**Exercise directions**
For the records below, copy exactly the span that begins at the line containing "I already addressed" and stops after the line containing "中にはかやくとソースが入っていて、作り方もいたって普通のカップ焼きそば。", minus any pictures.
[The input — start]
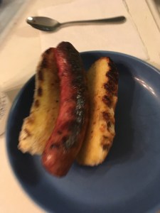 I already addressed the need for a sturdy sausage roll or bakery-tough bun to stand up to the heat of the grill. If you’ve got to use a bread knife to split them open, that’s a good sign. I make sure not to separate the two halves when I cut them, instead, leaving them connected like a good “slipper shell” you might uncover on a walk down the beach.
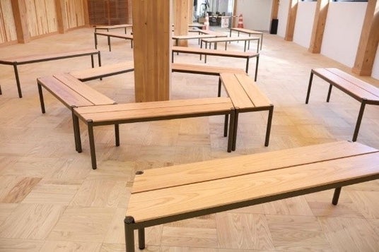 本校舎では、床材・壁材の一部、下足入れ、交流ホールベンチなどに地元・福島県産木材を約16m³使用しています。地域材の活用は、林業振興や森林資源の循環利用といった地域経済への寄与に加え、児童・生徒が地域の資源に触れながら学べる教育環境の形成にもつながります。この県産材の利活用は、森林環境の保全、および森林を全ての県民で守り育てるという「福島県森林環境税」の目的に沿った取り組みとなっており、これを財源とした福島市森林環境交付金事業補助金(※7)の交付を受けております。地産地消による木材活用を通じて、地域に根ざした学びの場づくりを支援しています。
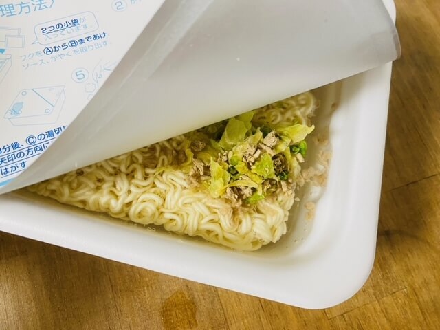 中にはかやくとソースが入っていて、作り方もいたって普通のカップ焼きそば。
[The input — finish]
[The input — start]
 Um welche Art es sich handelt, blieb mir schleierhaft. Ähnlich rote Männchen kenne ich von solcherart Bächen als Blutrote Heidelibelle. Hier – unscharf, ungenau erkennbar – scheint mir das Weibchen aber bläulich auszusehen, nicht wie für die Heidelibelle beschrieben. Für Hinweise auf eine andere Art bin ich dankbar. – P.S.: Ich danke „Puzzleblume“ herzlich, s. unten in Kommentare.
[The input — finish]
**Answer box**
 I already addressed the need for a sturdy sausage roll or bakery-tough bun to stand up to the heat of the grill. If you’ve got to use a bread knife to split them open, that’s a good sign. I make sure not to separate the two halves when I cut them, instead, leaving them connected like a good “slipper shell” you might uncover on a walk down the beach.
 本校舎では、床材・壁材の一部、下足入れ、交流ホールベンチなどに地元・福島県産木材を約16m³使用しています。地域材の活用は、林業振興や森林資源の循環利用といった地域経済への寄与に加え、児童・生徒が地域の資源に触れながら学べる教育環境の形成にもつながります。この県産材の利活用は、森林環境の保全、および森林を全ての県民で守り育てるという「福島県森林環境税」の目的に沿った取り組みとなっており、これを財源とした福島市森林環境交付金事業補助金(※7)の交付を受けております。地産地消による木材活用を通じて、地域に根ざした学びの場づくりを支援しています。
 中にはかやくとソースが入っていて、作り方もいたって普通のカップ焼きそば。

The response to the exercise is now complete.